START ENTRIES SHOWN
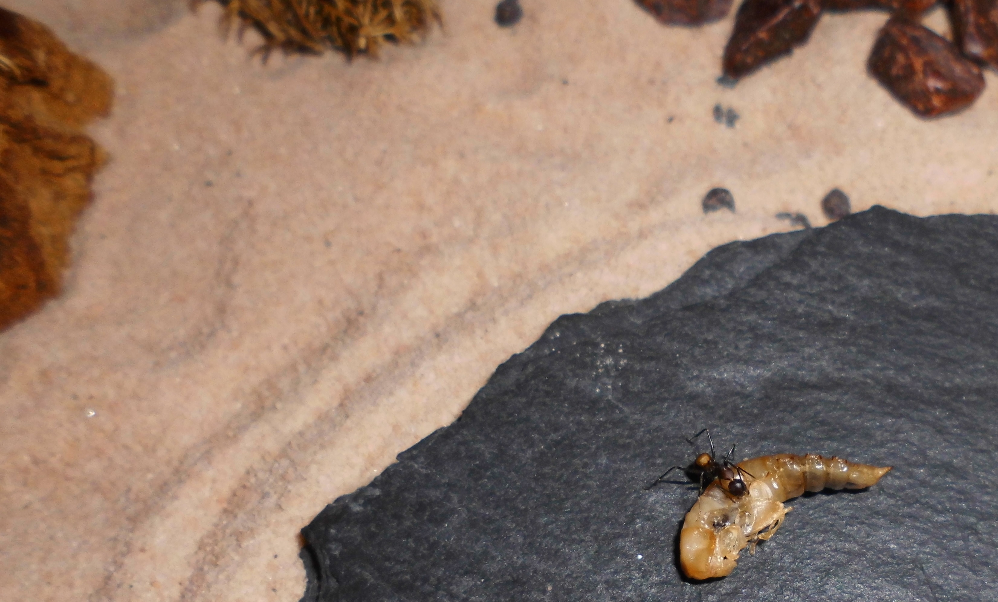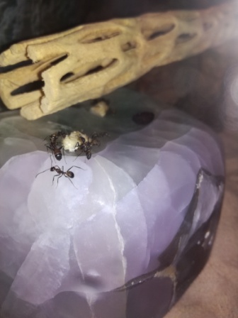 Nachdem ich die Zophobas Larve verfüttert habe, kann ich mich wieder an Spaß und Begeisterung erfreuen, die mit der Ameisenhaltung einhergehen. :)
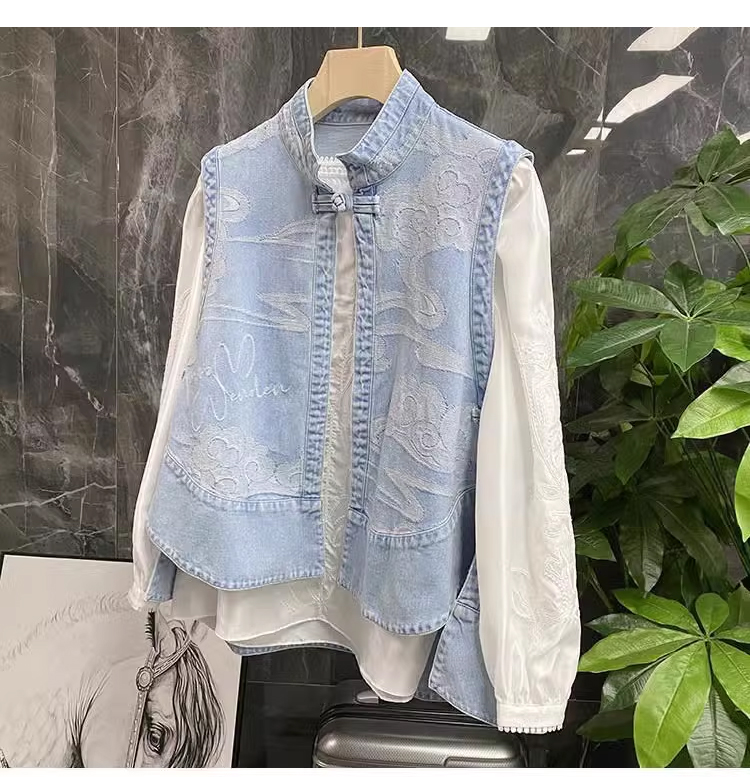 裁缝学苑AS253新中式盘扣牛仔马甲纸样背心立领女装新款上衣样板
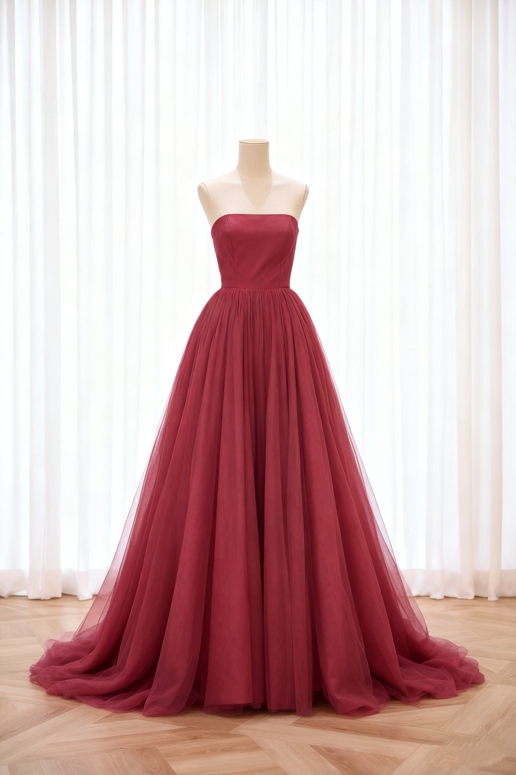 カラードレス ベアトップ Aライン ビビッドピンク プリンセスライン スレンダーライン ブライダル
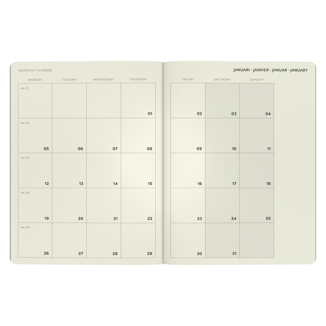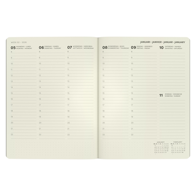 Met deze praktische QC Colour office agenda, hou je al je afspraken overzichtelijk bij de hand, en heb je dankzij het grotere formaat plaats genoeg om alles te noteren. Binnenin vind je telkens 7 dagen op 2 pagina's ingedeeld van 8h tot 22h en ruimte voor notities. Het binnenwerk is in het Nederlands, Frans, Engels en Duits. De harde kaft heeft een matte finish, afgeronde hoeken en een elastische sluiting.
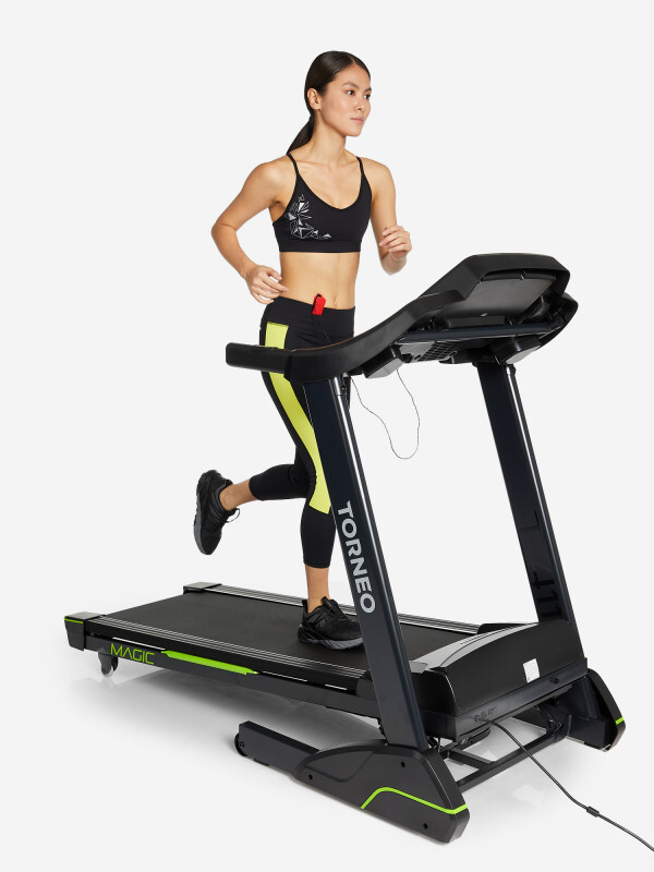 Барабанный маховик и мотор беговой дорожки, выполненные по технологии ExaMotion, обеспечивают надежное, плавное и малошумное вращение. -
END ENTRIES SHOWN
Before you return the listing exactly, strip out its pictures.

 Nachdem ich die Zophobas Larve verfüttert habe, kann ich mich wieder an Spaß und Begeisterung erfreuen, die mit der Ameisenhaltung einhergehen. :)
 裁缝学苑AS253新中式盘扣牛仔马甲纸样背心立领女装新款上衣样板
 カラードレス ベアトップ Aライン ビビッドピンク プリンセスライン スレンダーライン ブライダル
 Met deze praktische QC Colour office agenda, hou je al je afspraken overzichtelijk bij de hand, en heb je dankzij het grotere formaat plaats genoeg om alles te noteren. Binnenin vind je telkens 7 dagen op 2 pagina's ingedeeld van 8h tot 22h en ruimte voor notities. Het binnenwerk is in het Nederlands, Frans, Engels en Duits. De harde kaft heeft een matte finish, afgeronde hoeken en een elastische sluiting.
 Барабанный маховик и мотор беговой дорожки, выполненные по технологии ExaMotion, обеспечивают надежное, плавное и малошумное вращение. -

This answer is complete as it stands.